◆ WHAT THE TASK REQUIRES
All of the entries below need repeating exactly, apart from their images.

==== TASK INPUTS

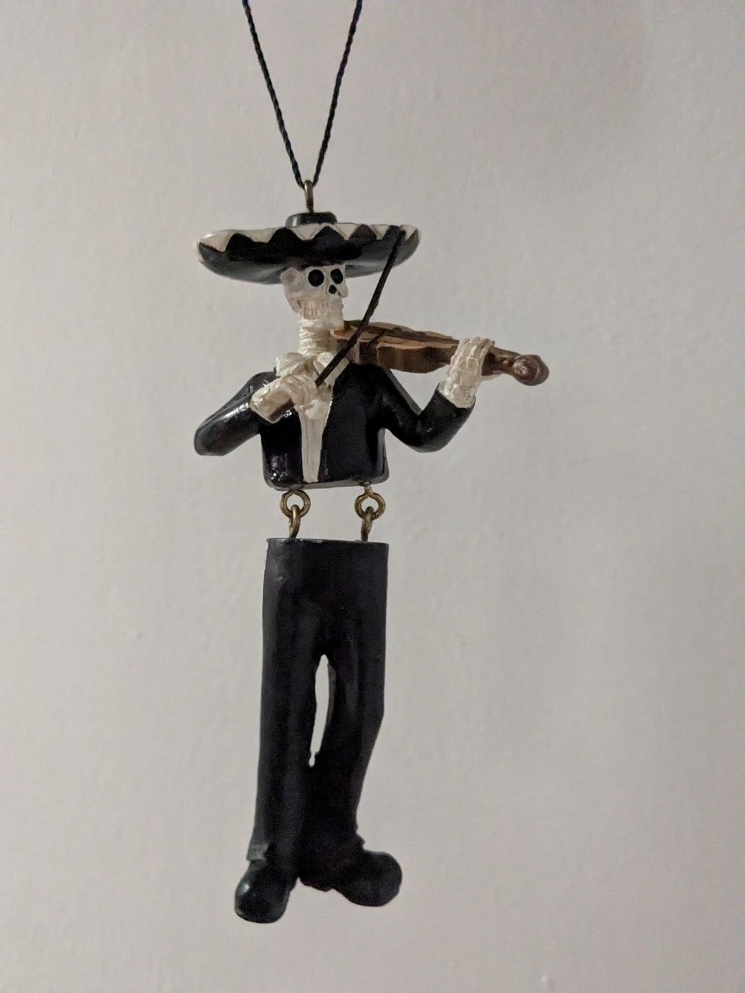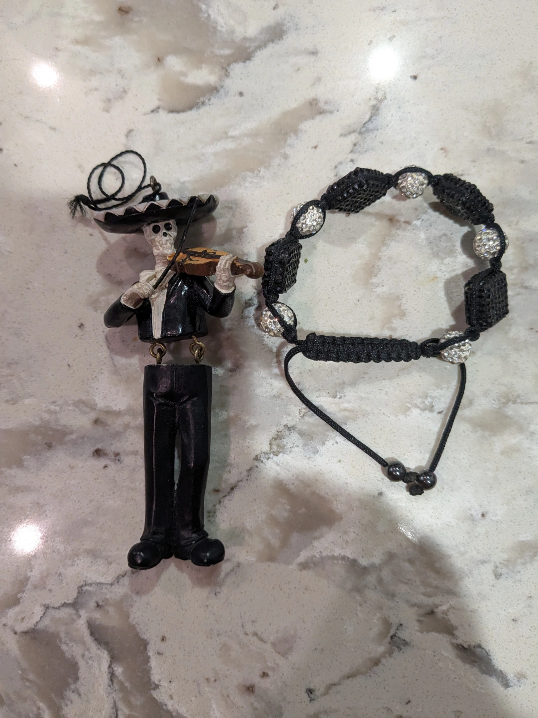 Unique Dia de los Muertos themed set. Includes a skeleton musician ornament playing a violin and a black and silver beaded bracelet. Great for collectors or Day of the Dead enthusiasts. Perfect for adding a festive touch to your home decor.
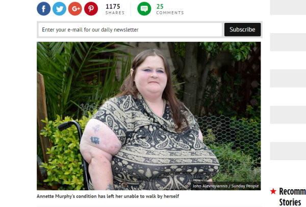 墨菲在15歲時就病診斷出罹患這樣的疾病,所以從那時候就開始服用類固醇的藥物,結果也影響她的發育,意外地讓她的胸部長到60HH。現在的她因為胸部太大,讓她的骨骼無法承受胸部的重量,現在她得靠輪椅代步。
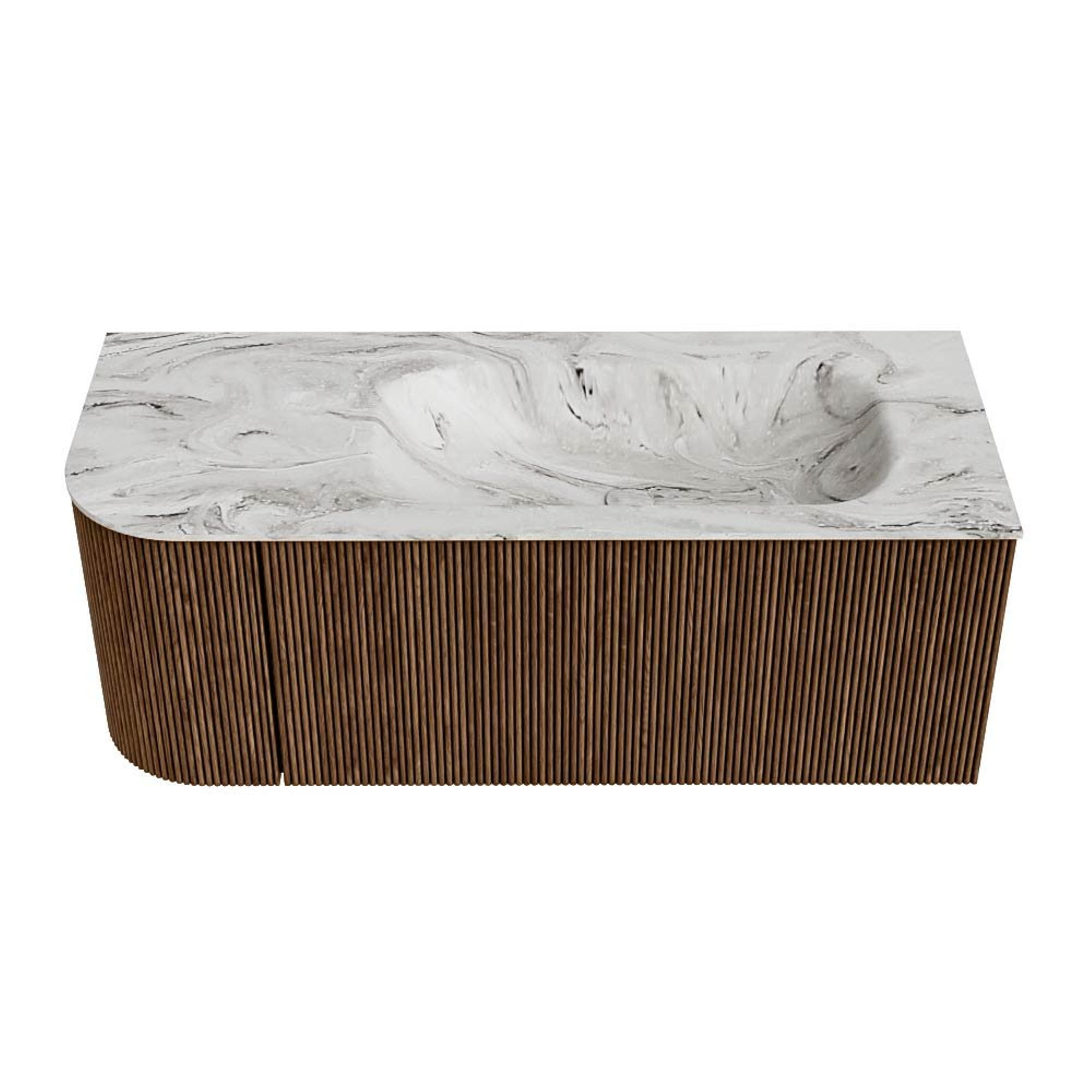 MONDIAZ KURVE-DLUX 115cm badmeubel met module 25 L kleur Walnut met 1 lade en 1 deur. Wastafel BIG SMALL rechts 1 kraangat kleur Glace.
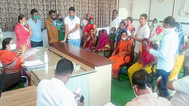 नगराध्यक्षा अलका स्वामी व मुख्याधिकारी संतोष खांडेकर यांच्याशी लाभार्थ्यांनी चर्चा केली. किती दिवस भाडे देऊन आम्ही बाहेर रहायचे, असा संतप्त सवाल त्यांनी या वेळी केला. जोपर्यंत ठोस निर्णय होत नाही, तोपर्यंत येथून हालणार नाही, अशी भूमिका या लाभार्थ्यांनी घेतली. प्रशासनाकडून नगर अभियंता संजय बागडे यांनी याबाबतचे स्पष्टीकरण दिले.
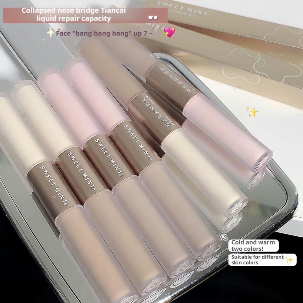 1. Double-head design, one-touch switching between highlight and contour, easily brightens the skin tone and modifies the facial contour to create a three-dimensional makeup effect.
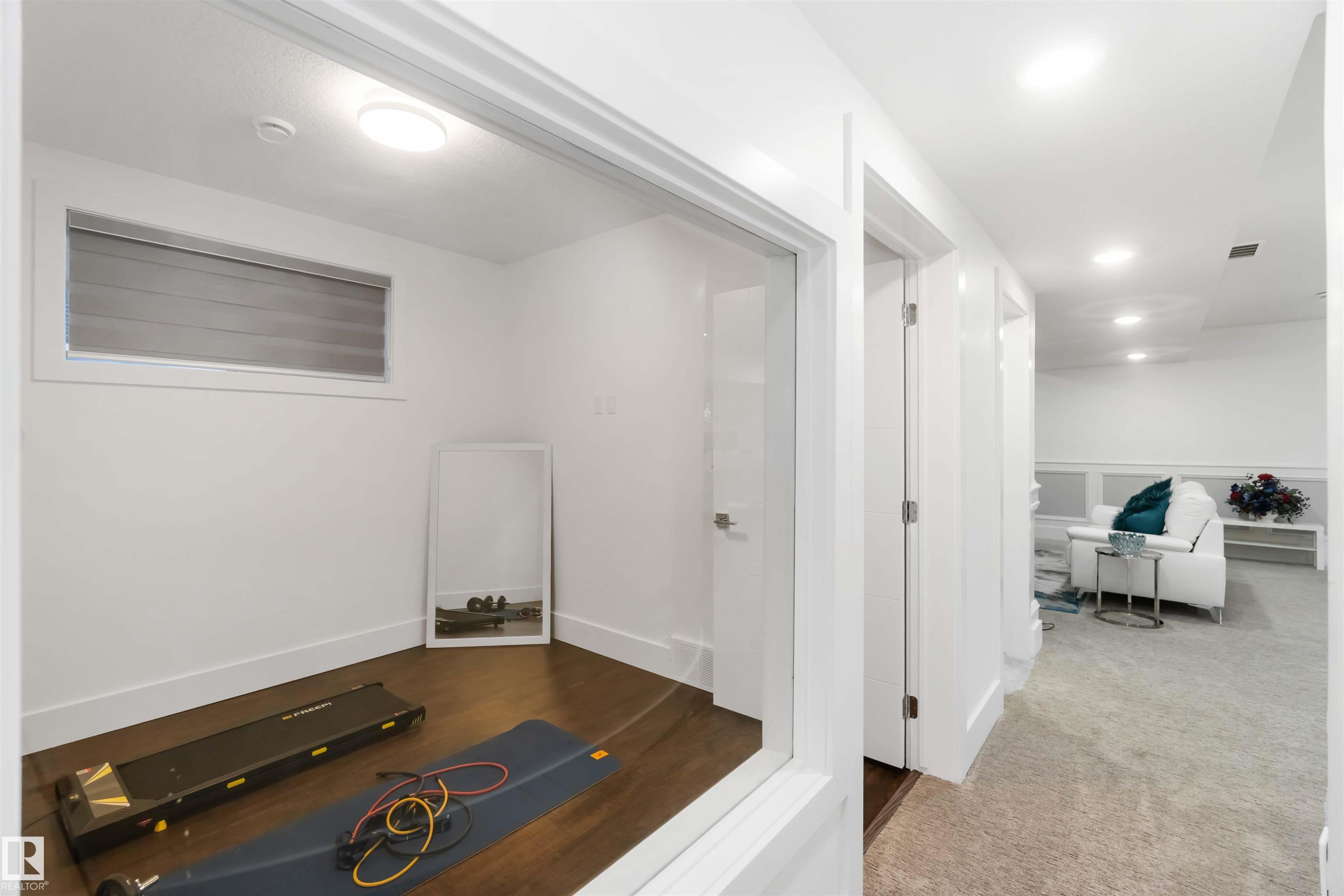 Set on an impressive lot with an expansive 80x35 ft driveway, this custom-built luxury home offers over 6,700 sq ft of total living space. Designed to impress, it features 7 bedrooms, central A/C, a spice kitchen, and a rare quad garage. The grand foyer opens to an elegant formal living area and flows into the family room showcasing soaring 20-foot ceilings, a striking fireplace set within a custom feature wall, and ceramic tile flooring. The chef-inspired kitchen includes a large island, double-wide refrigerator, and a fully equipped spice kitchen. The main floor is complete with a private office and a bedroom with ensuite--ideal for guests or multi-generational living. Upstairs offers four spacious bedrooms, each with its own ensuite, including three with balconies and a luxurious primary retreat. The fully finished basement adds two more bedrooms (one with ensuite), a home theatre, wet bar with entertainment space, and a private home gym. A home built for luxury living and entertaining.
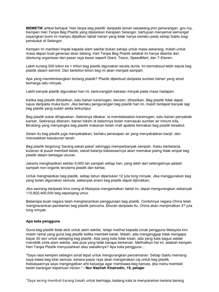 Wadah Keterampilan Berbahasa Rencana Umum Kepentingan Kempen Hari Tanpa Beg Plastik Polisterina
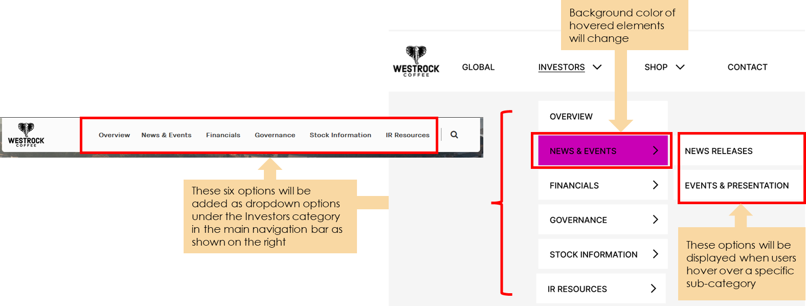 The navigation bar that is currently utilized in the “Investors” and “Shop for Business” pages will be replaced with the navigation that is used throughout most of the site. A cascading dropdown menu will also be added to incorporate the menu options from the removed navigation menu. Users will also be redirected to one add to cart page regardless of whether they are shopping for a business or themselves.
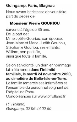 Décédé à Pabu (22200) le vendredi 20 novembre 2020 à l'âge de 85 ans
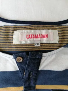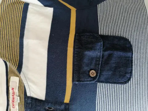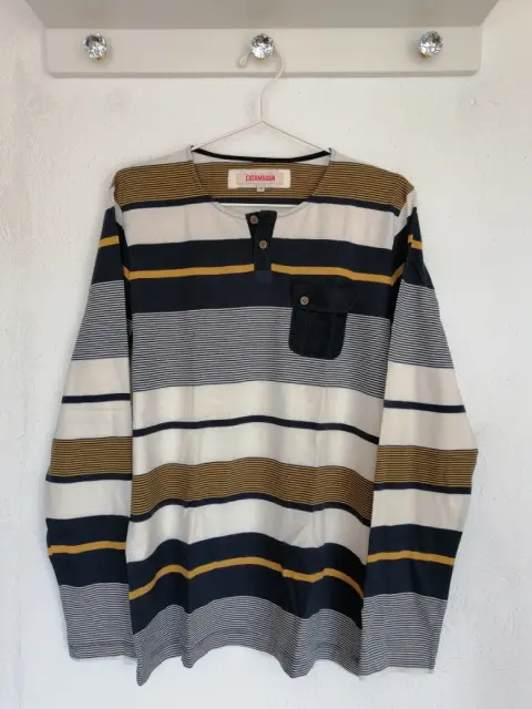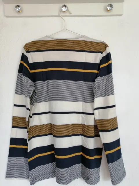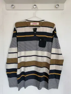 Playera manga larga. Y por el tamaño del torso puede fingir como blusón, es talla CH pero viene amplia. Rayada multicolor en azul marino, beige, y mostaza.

========

◆ RESULT BELOW
 Unique Dia de los Muertos themed set. Includes a skeleton musician ornament playing a violin and a black and silver beaded bracelet. Great for collectors or Day of the Dead enthusiasts. Perfect for adding a festive touch to your home decor.
 墨菲在15歲時就病診斷出罹患這樣的疾病,所以從那時候就開始服用類固醇的藥物,結果也影響她的發育,意外地讓她的胸部長到60HH。現在的她因為胸部太大,讓她的骨骼無法承受胸部的重量,現在她得靠輪椅代步。
 MONDIAZ KURVE-DLUX 115cm badmeubel met module 25 L kleur Walnut met 1 lade en 1 deur. Wastafel BIG SMALL rechts 1 kraangat kleur Glace.
 नगराध्यक्षा अलका स्वामी व मुख्याधिकारी संतोष खांडेकर यांच्याशी लाभार्थ्यांनी चर्चा केली. किती दिवस भाडे देऊन आम्ही बाहेर रहायचे, असा संतप्त सवाल त्यांनी या वेळी केला. जोपर्यंत ठोस निर्णय होत नाही, तोपर्यंत येथून हालणार नाही, अशी भूमिका या लाभार्थ्यांनी घेतली. प्रशासनाकडून नगर अभियंता संजय बागडे यांनी याबाबतचे स्पष्टीकरण दिले.
 1. Double-head design, one-touch switching between highlight and contour, easily brightens the skin tone and modifies the facial contour to create a three-dimensional makeup effect.
 Set on an impressive lot with an expansive 80x35 ft driveway, this custom-built luxury home offers over 6,700 sq ft of total living space. Designed to impress, it features 7 bedrooms, central A/C, a spice kitchen, and a rare quad garage. The grand foyer opens to an elegant formal living area and flows into the family room showcasing soaring 20-foot ceilings, a striking fireplace set within a custom feature wall, and ceramic tile flooring. The chef-inspired kitchen includes a large island, double-wide refrigerator, and a fully equipped spice kitchen. The main floor is complete with a private office and a bedroom with ensuite--ideal for guests or multi-generational living. Upstairs offers four spacious bedrooms, each with its own ensuite, including three with balconies and a luxurious primary retreat. The fully finished basement adds two more bedrooms (one with ensuite), a home theatre, wet bar with entertainment space, and a private home gym. A home built for luxury living and entertaining.
 Wadah Keterampilan Berbahasa Rencana Umum Kepentingan Kempen Hari Tanpa Beg Plastik Polisterina
 The navigation bar that is currently utilized in the “Investors” and “Shop for Business” pages will be replaced with the navigation that is used throughout most of the site. A cascading dropdown menu will also be added to incorporate the menu options from the removed navigation menu. Users will also be redirected to one add to cart page regardless of whether they are shopping for a business or themselves.
 Décédé à Pabu (22200) le vendredi 20 novembre 2020 à l'âge de 85 ans
 Playera manga larga. Y por el tamaño del torso puede fingir como blusón, es talla CH pero viene amplia. Rayada multicolor en azul marino, beige, y mostaza.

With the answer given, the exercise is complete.